Supplied entries »

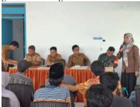
Gambar 4. Pemaparan Materi Hygiene dan Sanitasi

Hasil dari studi ini dengan jelas menunjukkan bahwa pelaksanaan pelatihan hygiene dan sanitasi di Desa Wisata Balang Butung telah memberikan dampak yang positif terhadap peningkatan kualitas pengelolaan homestay di desa tersebut. Masyarakat setempat, terutama para pengelola homestay, telah menunjukkan peningkatan kesadaran dan pengetahuan yang signifikan terkait pentingnya menjaga kebersihan diri dan lingkungan, yang pada akhirnya akan berkontribusi pada kenyamanan dan keamanan wisatawan. Penelitian ini juga menegaskan bahwa penerapan standar hygiene dan sanitasi yang baik sangat penting untuk menjaga daya tarik pariwisata di Desa Wisata Balang Butung. Dengan adanya program pelatihan yang intensif, masyarakat telah memahami bagaimana praktik-praktik kebersihan yang baik, seperti pengelolaan sampah, daur ulang, komposting, dan pengelolaan air limbah, dapat meningkatkan kualitas lingkungan sekitar homestay serta menjaga kesehatan wisatawan dan penduduk lokal. Penerapan hygiene dan sanitasi yang baik, didukung oleh peningkatan infrastruktur dan sumber daya manusia yang kompeten, adalah kunci untuk menciptakan destinasi wisata yang berkelanjutan dan menarik. Dengan begitu, Desa Wisata Balang Butung dapat terus berkembang sebagai salah satu destinasi wisata unggulan di Kabupaten Kepulauan Selayar, sekaligus meningkatkan kesejahteraan masyarakat setempat melalui peningkatan kualitas layanan wisata dan lingkungan yang bersih serta higienis.
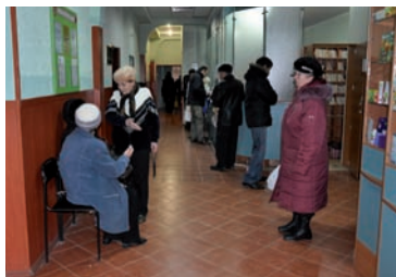
Портовая больница обслуживает много пожилых людей
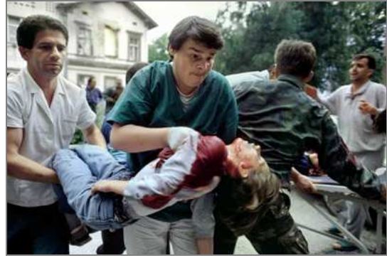
Traslado de una niña moribunda Bosnia-Herzegovina. Guerra de los Balcanes. Oct. 1993
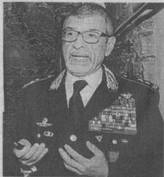
Il generale Carmelo Burgio

Martedì 31 ottobre, la lezione settimanale dell'Unitre Tirano sarà aperta al pubblico (non solo ai soci) e sarà tenuta dal generale dei carabinieri Carmelo Burgio sul tema Afghanistan, vissuto sul campo. Il

Task to carry out » Using the records above, copy all lines that include the word "generale".

Answer to this exercise »
Il generale Carmelo Burgio
Martedì 31 ottobre, la lezione settimanale dell'Unitre Tirano sarà aperta al pubblico (non solo ai soci) e sarà tenuta dal generale dei carabinieri Carmelo Burgio sul tema Afghanistan, vissuto sul campo. Il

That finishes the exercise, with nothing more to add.